Reasonably magical for a few of the schools. The Desert Wind school, as an example, could produce cones of fire, or an inferno blast that did 100 damage.
how much is 'a few of the schools'? you make it sound more of the exception rather than the rule, is it reasonable to infer from that that some of the other schools stuck to more of the purely skill based faire?
 

how much is 'a few of the schools'? you make it sound more of the exception rather than the rule, is it reasonable to infer from that that some of the other schools stuck to more of the purely skill based faire?
Most of the schools are probably preternatural, but not obviously supernatural. The schools that are restricted to swordsage and crusader, which are a little more "supernatural" by intent, have more obviously supernatural elements. The schools that warblades use, which is the most "fighter-like" of the 9 Swords classes, are basically "fighter+".

I mean, these are some of the 9th level manuevers open to Warblades:

Strike of Perfect Clarity:StrikeDeal +100 damage on single attack.
Mountain Tombstone Strike:StrikeAttack deals 2d6 Constitution damage.
Feral Death Blow:StrikeLeap upon foe, slay him with a single strike.

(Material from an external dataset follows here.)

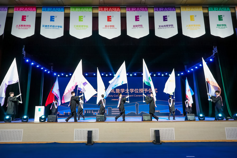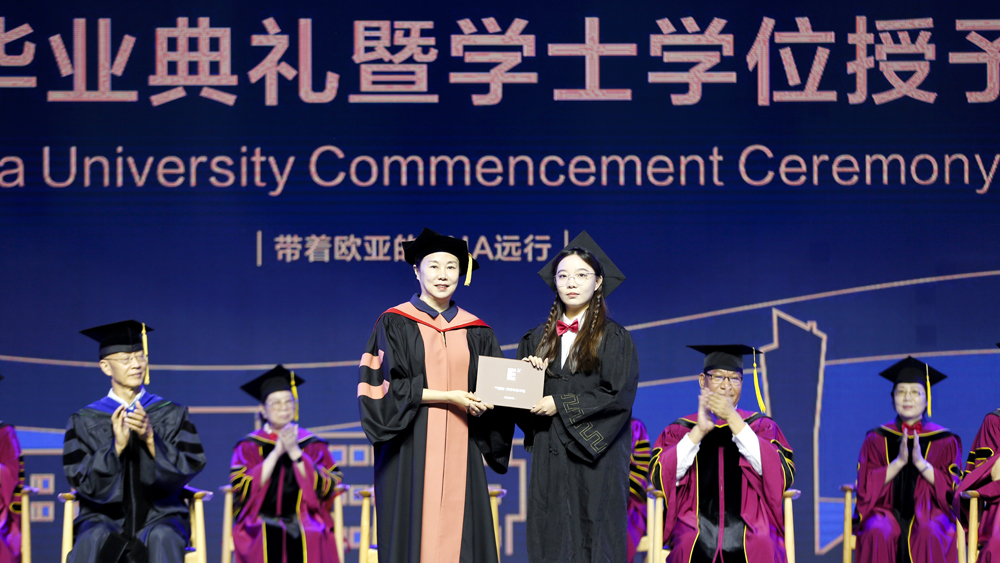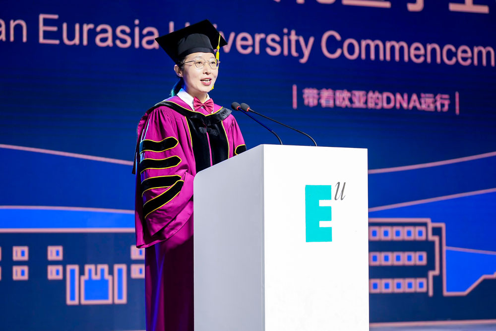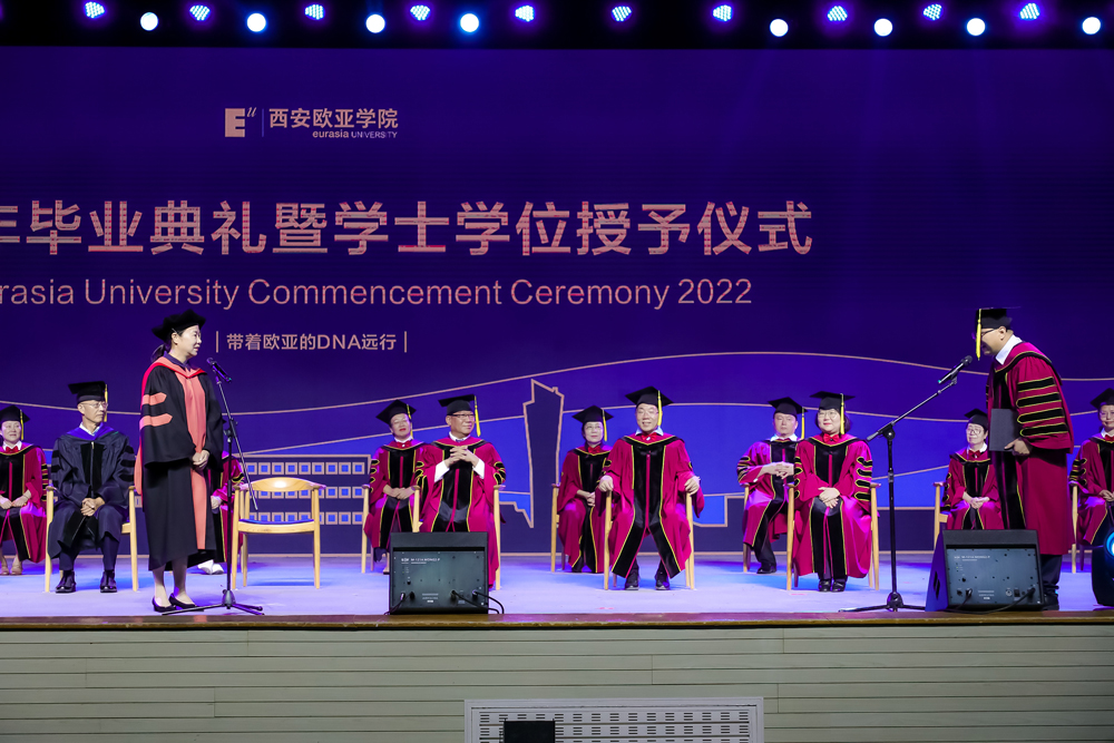 本次毕业典礼由副校长张乐芳教授主持,她对同学们表示祝贺,同时向同学们表达诚挚的谢意:“ 感谢你们当初的选择,让欧亚的校园更具活力;感谢你们在校期间的勤勉,让年轻的欧亚更添魅力。”

They strike me as obviously strong, but nothing that screams "that fighter is actually a wizard".

Link for reference.
 



i don't disagree that there should be more more martial class archetypes, but my point is that casters have entire lists of 'extra class abilities', because IMO that's what spells functionally are, at level 10 a ('24)cleric has 5 cantrips and 15 prepared spells all distinct abilities, martials lack access to such an array of abilities to be able to properly customise and optimise themselves for different roles and purposes.

I don't disagree with you My point is the reason why there aren't predescribed martial features is because the community does not agree on what combat abilities martial characters should have at high levels so there's nothing to create beyond the base combat system.